What’s been good about this time? Well, for one thing my work schedule has felt pretty even. During training, when I have to make it to Markham to make my clinic I have to leave work early. To leave work early, I have to arrive early. And to arrive early I have to wake an hour earlier than I usually do. Yes, it’s only an hour, but that little bit really does make a difference. For the past week or two I’ve also been able to catch some TV shows when they air instead of resorting to having to PVR them. When something is recorded, it usually takes me a long while before I can actually get around to watching what I missed. Lastly, not having to commute way up north means that I’ve had the chance to send my car to the mechanic without having to worry about really weird scheduling.

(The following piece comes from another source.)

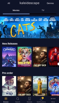 The mobile app provides a convenient way to purchase movies wherever you are. The main screen features dozens of curated movie collections, assembled by our movie experts, and the search tab provides a quick way to find the exact title, actor, or collection you’re looking for. As your movie night approaches, you can share movie options with friends via our mobile app’s “Share” feature.
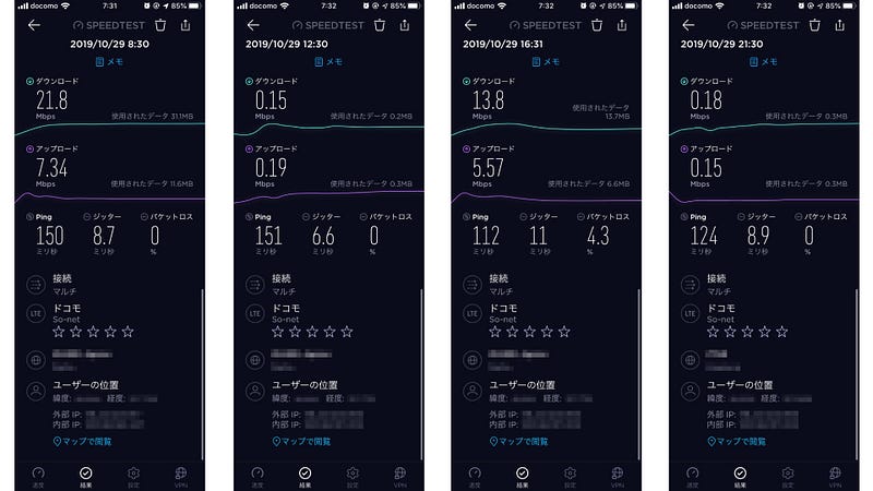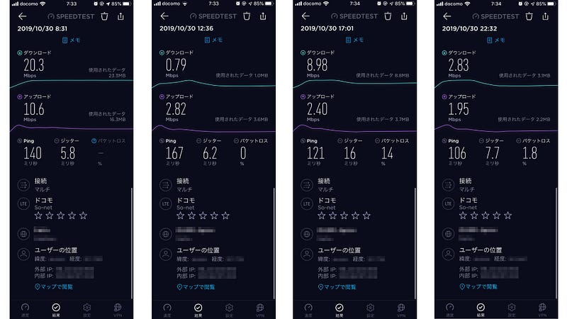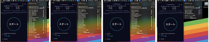 ↑は左から8:31、12:36、17:01、22:32に先程のテザリング時にMacの方でスピードテスト計測した直後にiPhoneで計測した結果です。

The break has been good. That being said, it’s about time I start getting back into the groove of things. Without running, all I am is a computer geek with a job that keeps me at my desk in front of a screen all day. That’s not really a particularly healthy lifestyle, don’t you know? Running acts as a reminder of sorts that I can accomplish things that I normally wouldn’t associate with myself. That knowledge grounds me and makes me acknowledge my general awesomeness. I need to start up again really soon, because I’m running the Angus Glen 10K on November 2. Yes, I can do the distance, but I still need to have some “hay in the barn” for that race, know what I mean?

So anyway, the new half-marathon clinic is beginning next Tuesday. The goal race is the Chilly Half-Marathon in Burlington. I think it’s ending late February (or something like that). Yes, that means training during the strange winter months. I skipped training during the previous winter months, but this time around I’m going to make the commitment to get the job done. It’s going to be freaking awesome. I will be sweating like mad under various layers. I will have snot dropping from my nose and probably all over my gloves. I will be sporting bad hat hair when I take my tuque off. Even with all of that I will love every minute.